Task to complete → Restate word for word the lines below, from the one containing "Hinkley 51184BK - Large" through the final line, with no pictures included.

(Records from a collection)

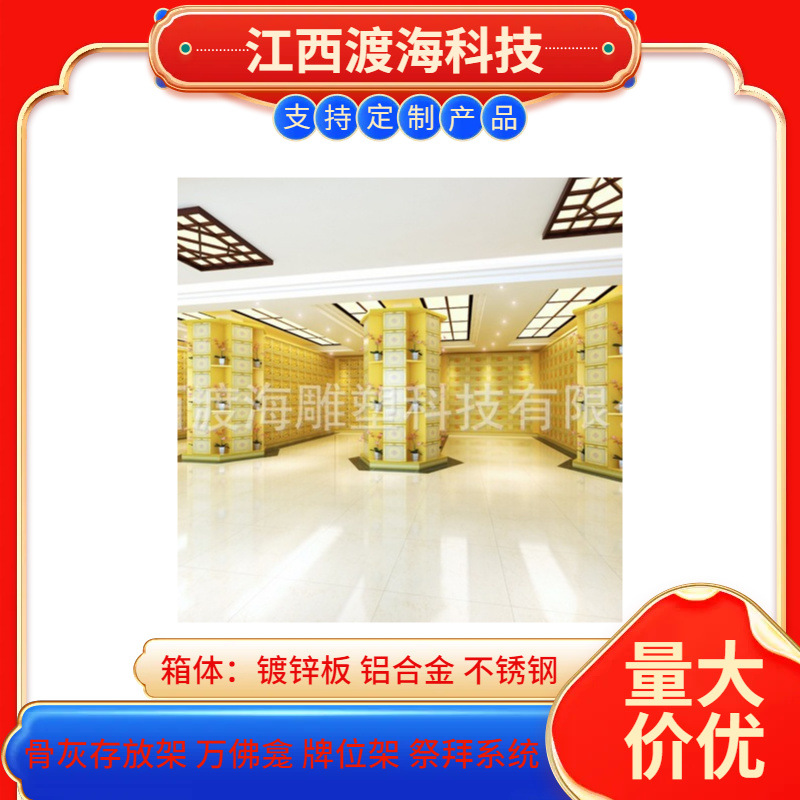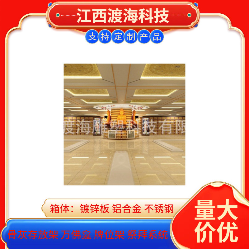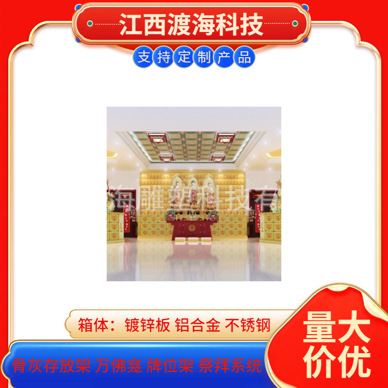 主营产品:骨灰存放架,骨灰盒寄存架,福寿架,万佛龛,牌位架,殡仪馆祭拜系统,寺院智能化管理系统、龙骨吊顶、智能骨灰寄存架
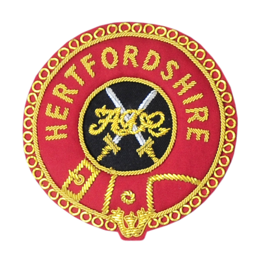 This finest quality badge is manufactured hand embroidered with golden wire bullion. The size of the badge is 12 cm diameter.
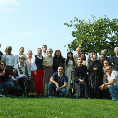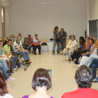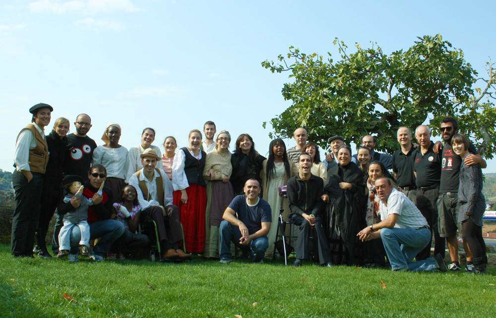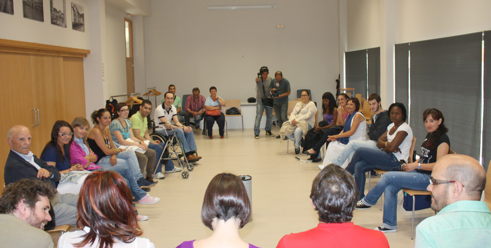 El siguiente paso fue seleccionar a las/os participantes. Y aquí el proyecto daba un salto cualitativo, pues quisimos implicar (con la colaboración de distintas entidades sociales de la ciudad, como la Asociación contra el Cáncer, el Comité Antisida, AIXIÑA, asociaciones de inmigrantes, pacientes del Centro Psiquiátrico Cabaleiro Goás, de la Unidad de Violencia de Género, del grupo de Adultos Municipal, del Centro de menores con medidas judiciales TRAMA…) a personas con unas particularidades especiales, en su mayor parte en situaciones de riesgo de inclusión social. Así, junto a nuestro voluntariado, participarían de las acciones teatrales, inmigrantes, víctimas de malos tratos, víctimas de accidentes de tráfico, invidentes… hasta completar un primer grupo de 18 personas. Para la parte más técnica, contamos con la colaboración de dos entidades de lo más solventes: el grupo de teatro Sarabela y el grupo musical O Sonoro Maxín, dos referentes sin duda en el mundo de la escena y la música gallegas.
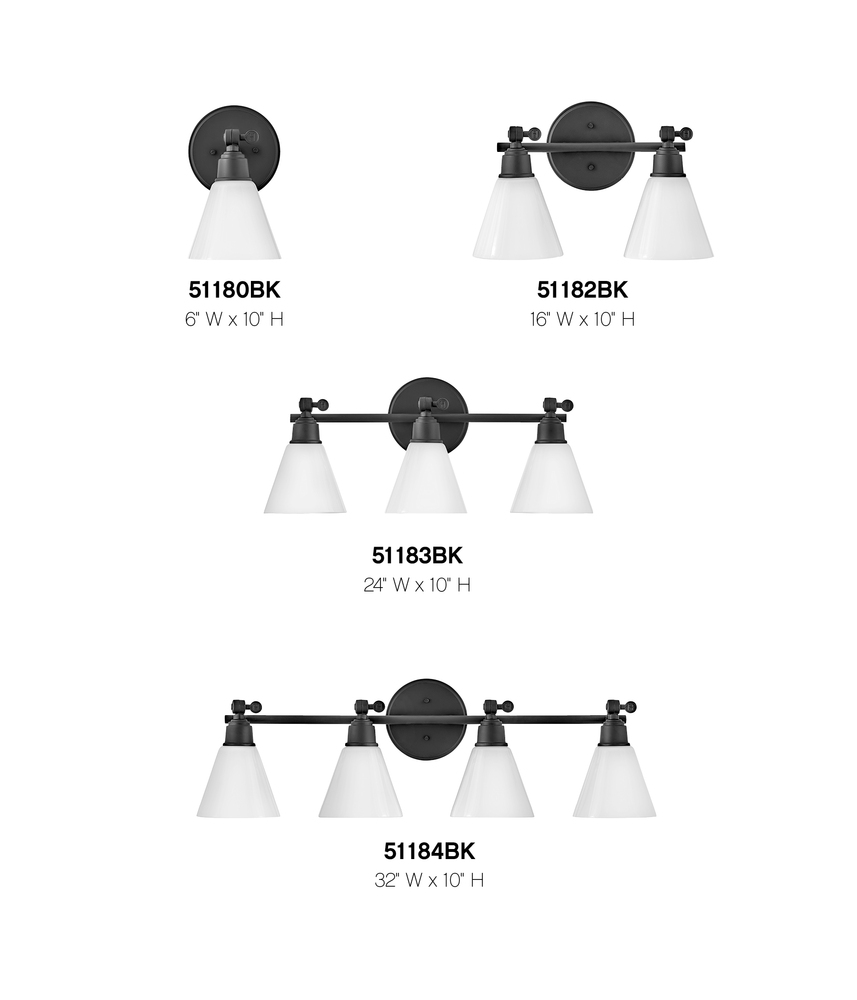 Hinkley 51184BK - Large Adjustable Four Light Vanity
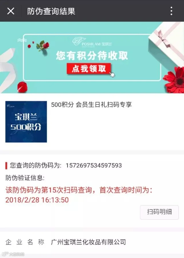 以上图为例,当你拿到全新宝琪兰产品以后,千万不要着急拆包装,记得将查看产品塑封封口处的二维码标贴,刮开涂层后,使用微信扫码,即可跳转至如图所示页面。(商品仅为测试)

Written reply →
 Hinkley 51184BK - Large Adjustable Four Light Vanity
 以上图为例,当你拿到全新宝琪兰产品以后,千万不要着急拆包装,记得将查看产品塑封封口处的二维码标贴,刮开涂层后,使用微信扫码,即可跳转至如图所示页面。(商品仅为测试)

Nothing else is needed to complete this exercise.